Vue d'artiste d'Einstein Telescope.

Les ondes gravitationnelles ont été prédites en 1916 par Albert Einstein : elles sont alors une conséquence logique de sa nouvelle théorie de la gravitation, la relativité générale.

Mais ces infimes déformations de l’espace-temps sont longtemps restées un concept abstrait. Ce n’est qu’après la conférence de Chapel Hill aux États-Unis en 1957 que des scientifiques envisagent la possibilité de les détecter.
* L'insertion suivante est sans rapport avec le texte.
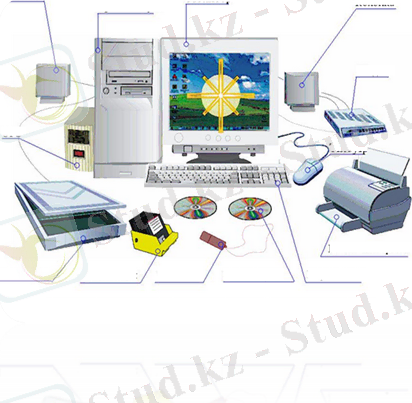 : монитор, жүйелік блок, пернетақта, тінтуір, принтер,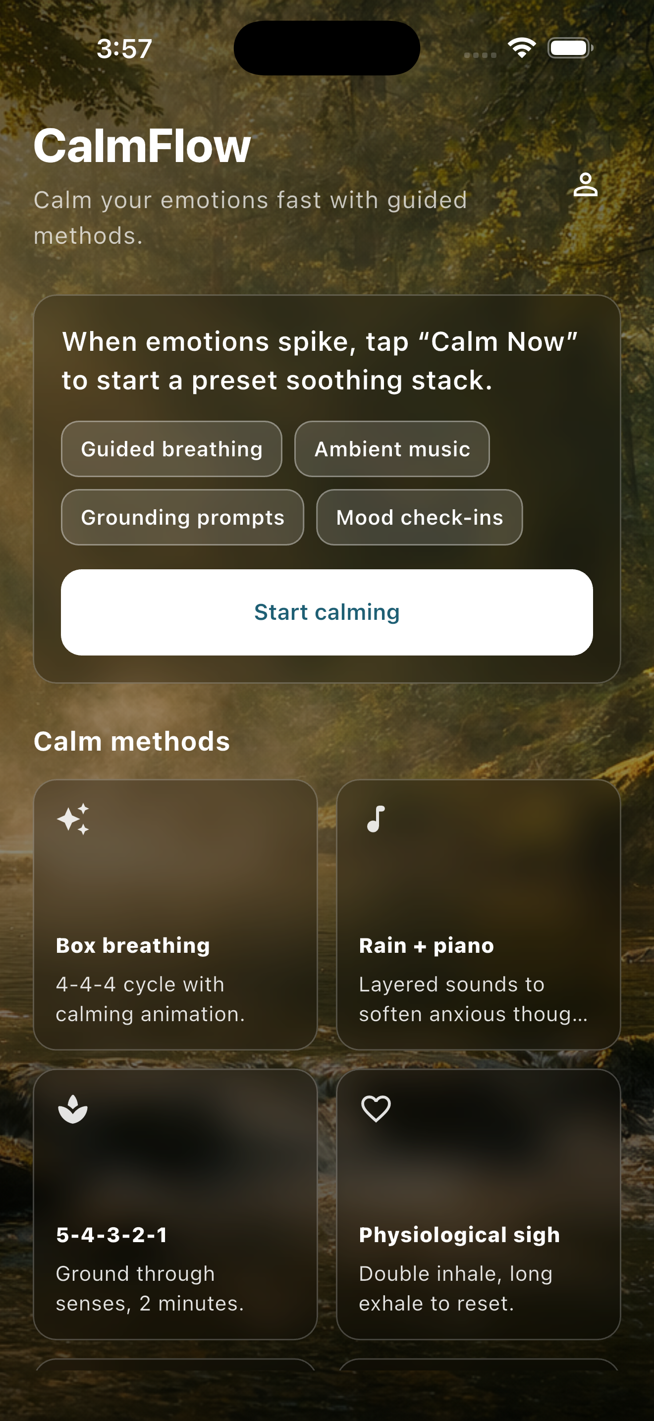 Use CalmFlow when the day feels heavy and you need a gentle reset without opening a crowded wellness dashboard.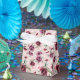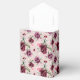Se muestra la caja favorita de la fiesta en una hermosa impresión de rosas con un arco de cinta blanca. Personalizar este artículo o compra tal cual. Imprimir material freepik.com

Les premières études de détecteurs ne voient le jour qu’à la décennie suivante : des « barres résonnantes » puis des interféromètres sont proposés, de plus en plus grands pour être de plus en plus sensibles.

Si ce principe de détection a effectivement démontré toute sa puissance lors de la dernière décennie, soit cent ans après la prédiction d’Einstein, nous sommes aujourd’hui à nouveau confrontés aux défis d’augmenter la sensibilité – et donc la taille – des détecteurs d’ondes gravitationnelles, pour sonder l’univers plus loin, plus complètement et plus précisément.

Les prouesses des détecteurs d’ondes gravitationnelles

Ce n’est qu’en 2015 que les premières ondes gravitationnelles ont été détectées. Puis, en août 2017, alors que des satellites détectent un « flash » de rayons gamma (des photons plus énergétiques que ceux de la lumière visible), ces détecteurs capturent conjointement les signaux d’une fusion de deux étoiles à neutrons. Grâce à leur fonctionnement en réseau, ils peuvent déterminer la localisation précise de cet événement cosmique majeur et indiquer aux télescopes traditionnels où pointer afin d’observer les suites de la fusion.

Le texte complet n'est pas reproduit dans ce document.